Classic Computer Magazine Archive A.N.A.L.O.G. ISSUE 66 / NOVEMBER 1988 / PAGE 3

Editorial

    This month's editorial comes to you from high up (about 37,000 feet) in the friendly skies, as I jot down some thoughts about what it's been like for the past few months, commuting from my home in Massachusetts to ANALOG's new offices in Los Angeles. Believe me, it hasn't been easy.
    No sooner have I set foot at Logan International Airport in Boston than it seems I have to turn around and make another beeline for the West Coast, banging out a story or an editorial on my laptop en route to meeting publishing deadlines in the City of Angels.
    The wear and tear of rushing from coast to coast is taking its toll: I've acquired a haggard, desperate look from not getting enough sleep; my body suffers from terminal jet lag; my fiancee barely recognizes me ("Lee who?") and a sense of cultural schizophrenia has taken root due to the extreme polarities of the laid-back Southern California lifestyle and the East Coast grind. I no longer know whether to order sushi or clam chowder!
    So I've made a decision. In order not to burn out before my time ("Publishing Tycoon Commits Hara-Kiri") and to be able to provide the kind of editorial guidance ANALOG needs to maintain the high standards we've worked so hard to reach, I'm heeding the words of Horace Greeley to "Go west." From now on, I'll make my home where the sun shines all year-round, where snow and subzero temperatures are only a memory. Instead of Boston Common, I'll roam Griffith Park. Instead of catching the Sox at Fenway, I'll down my foot-long hot dogs at Dodger Stadium (but still root for Wade Boggs and company). In place of the rocky Massachusetts coastline and chilly waters of the Atlantic, I'll sink my feet into Venice Beach's sandy shores and bodysurf in the moderate Pacific.

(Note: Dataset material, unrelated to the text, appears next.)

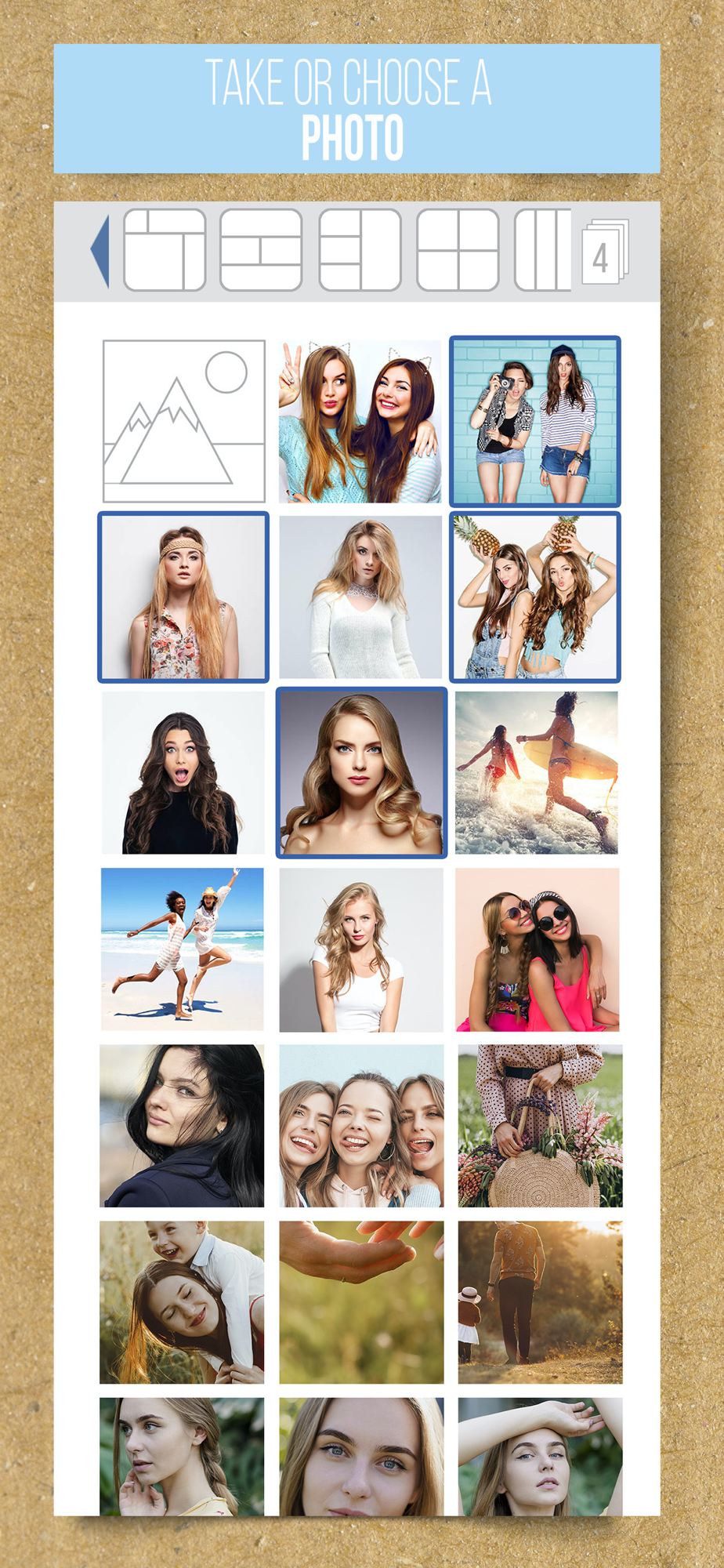 - Choose grid layout and join photos together

    And so, like the Clampetts, I'm loading up my truck and moving to Beverly. Hills, that is. Swimming pools. Movie stars.... Well, maybe it's not all it's cracked up to be. I'll have to battle gridlocked freeways, out-of-control smog and the occasional earthquake. But that's a small price to pay to liberate myself from the red-eye express, bad airline food and in-flight movies. Massachusetts, it's been great, but so long. California, here I come!